The error is severly degraded, which is expected: if the error did not change previously, it can only be because the data is easily and reliably clusterable in 3 clusters.

### Same, but with the diabetes dataset.

In [24]:
diabetes = datasets.load_diabetes()
df = convert_bunch(diabetes)
df.registerTempTable("diabetes")


# Load and parse the data
data = sql("select * from diabetes")

# Because the MLLib package requires RDDs of arrays of doubles, we need to unpack the content of the dataframe.
features = data.rdd.map(lambda r: r.features.array)
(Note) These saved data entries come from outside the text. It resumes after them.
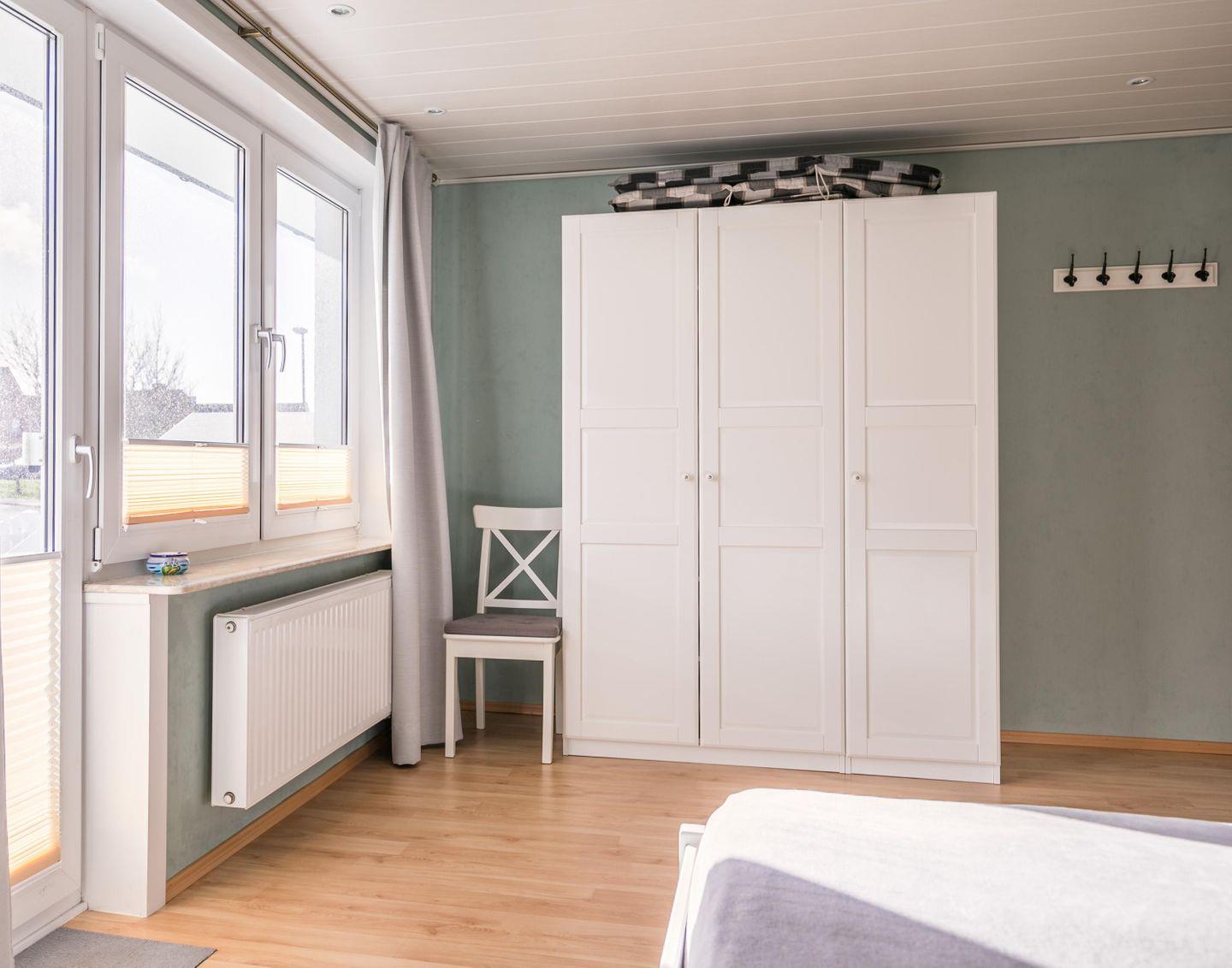 Doppelbett mit getrennten Matratzen (je 2,00 x 0,90m), verstellbarer Lattenrost (Kopf- und Fußteil), Nachttischschränke + Lampen, 3-türiger Kleiderschrank, Zugang zum Balkon, Radiowecker, Flachbild-TV, Verdunklungsvorhang und Plissee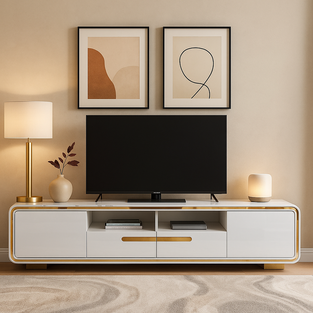 Elevate your living space with the Carlen Gloss White TV Console. Crafted with durability in mind, this sleek piece features tempered glass shelves and a pristine white gloss finish. Perfect for organising your entertainment essentials, its minimalist design effortlessly complements any modern interior. Enhance your home environment with this stylish addition, seamlessly blending functionality with contemporary aesthetics.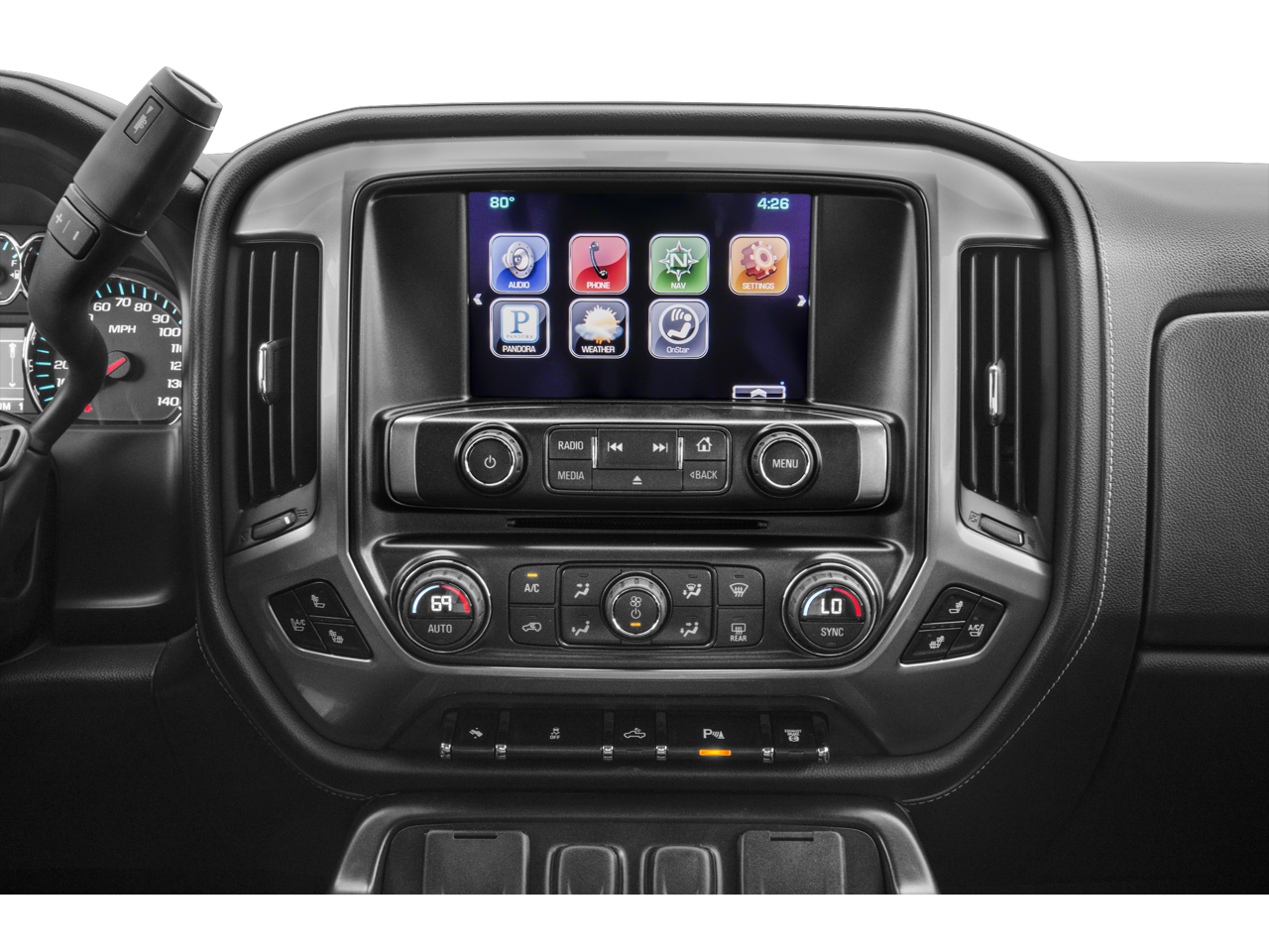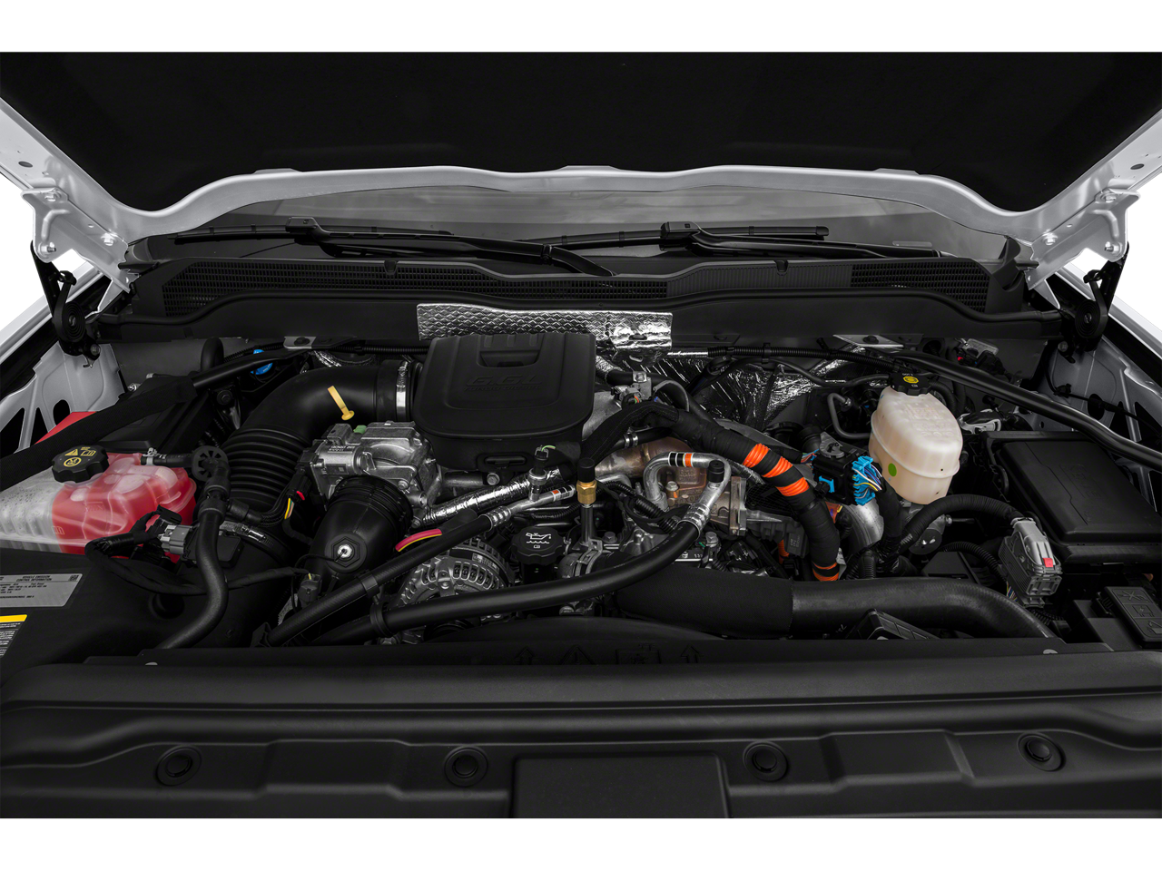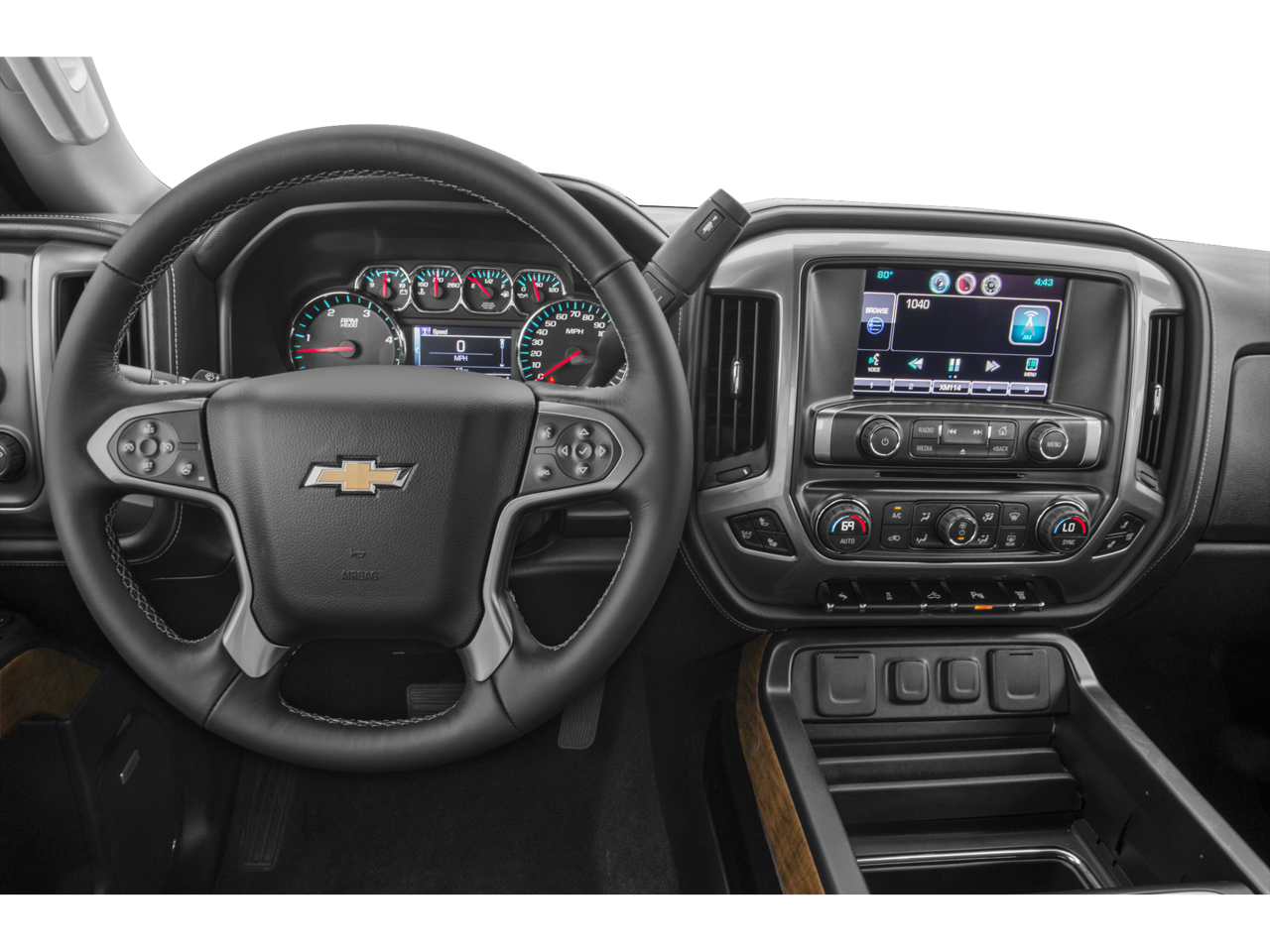 (397 hp [296.0 kW] @ 3000 rpm, 765 lb-ft of torque [1032.8 N-m] @ 1600 rpm) Includes (K40) exhaust brake.), includes (AG1) driver 10-way power seat adjuster when ordered with (AZ3) bench seats only, (CJ2) dual-zone automatic climate control, (BTV) Remote vehicle starter system, (IO5) Chevrolet MyLink 8" Diagonal Color Touch audio system, (UVC) Rear Vision Camera, (C49) rear-window defogger, (N37) manual tilt and telescoping steering column, (KI4) 110-volt power outlet, and (T3U) fog lamps (Includes (CJ2) dual-zone automatic climate control, (IO5) Chevrolet MyLink 8" Diagonal Color Touch audio system. with overdrive, electronic engine grade braking and tow/haul mode, includes (UG1) Universal Home Remote, (UD7) Rear Park Assist, (JF4) power adjustable pedals, (A48) rear sliding power window and (C49) rear-window defogger, (Includes (UTJ) Theft-deterrent system.), SEATING, HEATED DRIVER AND FRONT PASSENGER, USB ports, auxiliary jack, SD card slot, Bluetooth® streaming audio for music and most phones, hands-free smartphone integration, Pandora Internet radio, voice-activated technology for radio and phone, Includes driver and front passenger recline with outboard head restraints and center fold-down armrest with storage. Also includes manually adjustable driver lumbar, lockable storage compartment in seat cushion, and storage pockets. (STD).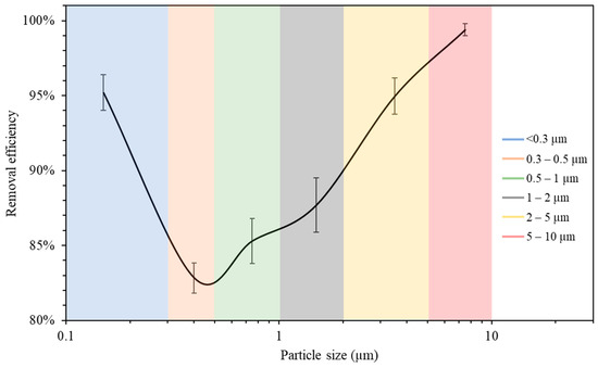 3.2.2. Removal Efficiency as a Function of Particle Size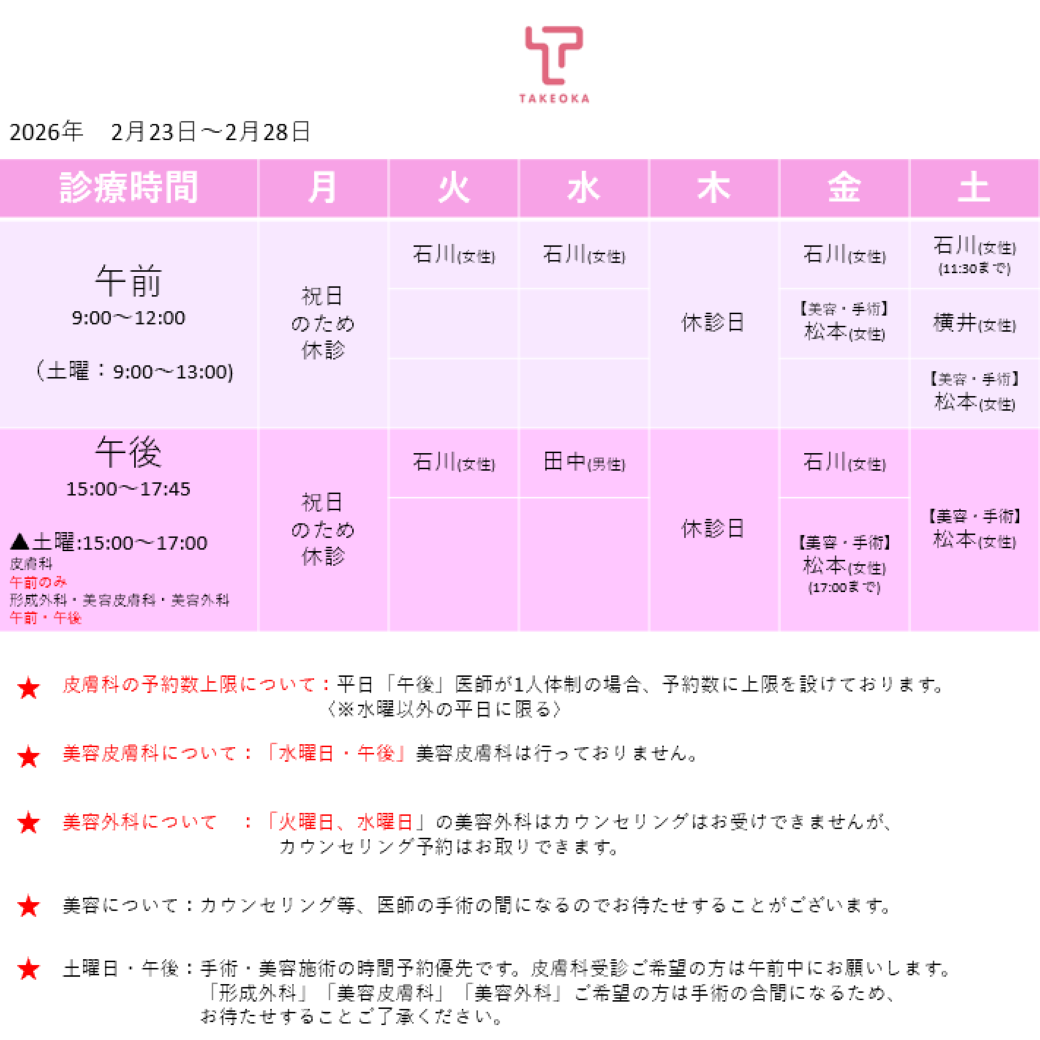 ※毎週、診療担当医により美容皮膚科・美容外科のカウンセリング・施術を受けられる曜日が異なります。詳細はWEBのお知らせ、またはWEB受付ページをご確認ください。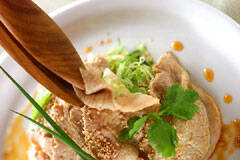 豚肉がメインのお料理とおもいきや、薄切り肉の下にはたっぷりのせん切りサラダが隠れています!暑い季節に美味しい冷シャブにして、ニンニク風味のドレッシングがポイント。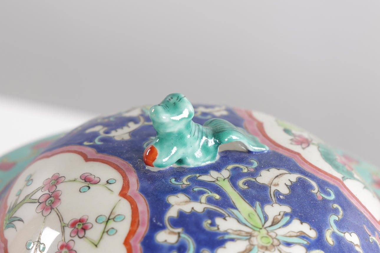 Height without lid: approx. 16 cm. Height with lid: approx. 23 cm. Stamped at the bottom.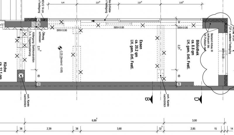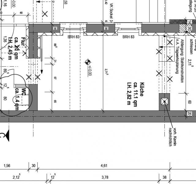 Bevor die SBS Diskussion ausartet, der Kühlschrank passt nicht in die Ecke der Türe, das haben wir schon gemessen. ;-) Alleine schon, da es Probleme mit dem Öffnen der SBS-Türe gibt. So schlecht finde ich den zwischen den Fenstern auch gar nicht. Die Schiebetür wird übrigens auf der Flurseite realisiert, nicht auf der Küchenseite. Ist also nicht im Weg. Der Schornstein verringert sich ggf. noch auf ein Maß von 32x32 + Putz, da nicht sicher ist, ob sich der Bestand ertüchtigen lässt, ich hatte allerdings erst einmal mit dem IST-Zustand geplant.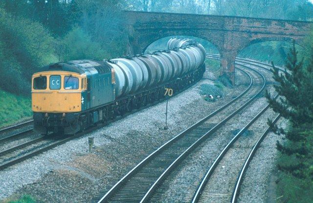 13/4/81:- 33030 on a down oil tanker train at Wilton Junction on the Westbury route.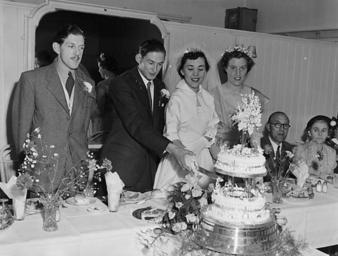 <b>Nodyn/Note:</b> Images of an unidentified bride and groom cutting the wedding cake at the wedding reception with the best man and bridesmaid standing beside them.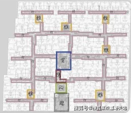 上海桃花源园林整体规制 园内布局五进制南北主轴、以及“双龙戏水”格局的双水街,巷道联通,设七大景观组团,形成“一环、两轴、七境”布局。175席中式园宅,依巷分布南北,横平竖直,秩序井然。

# Build the model (cluster the data)
model = KMeans.train(features, k=3, seed=1, maxIterations=10,
                       initializationMode="#random")
wssse = model.computeCost(features)
print("Within Set Sum of Squared Errors = " + str(wssse))

# Seed = 2
model = KMeans.train(features, k=3, seed=2, maxIterations=10,
                       initializationMode="#random")
wssse = model.computeCost(features)
print("Seed=2, wssse = " + str(wssse))

# Seed = 3
model = KMeans.train(features, k=3, seed=3, maxIterations=10,
                       initializationMode="#random")
wssse = model.computeCost(features)
print("Seed=3, wssse = " + str(wssse))

# Initialization = ++
model = KMeans.train(features, k=3, seed=2, maxIterations=10,
                       initializationMode="#k-means||")
wssse = model.computeCost(features)
print("K-means++ initialization, wssse = " + str(wssse))

# 20 Iterations
model = KMeans.train(features, k=3, seed=2, maxIterations=20,
                       initializationMode="#random")
wssse = model.computeCost(features)
print("20 iterations, wssse = " + str(wssse))

# 5 clusters
model = KMeans.train(features, k=5, seed=2, maxIterations=10,
                       initializationMode="#random")
wssse = model.computeCost(features)
print("5 clusters, wssse = " + str(wssse))

This time, we observe differences, so the data must not be as clearly seperable.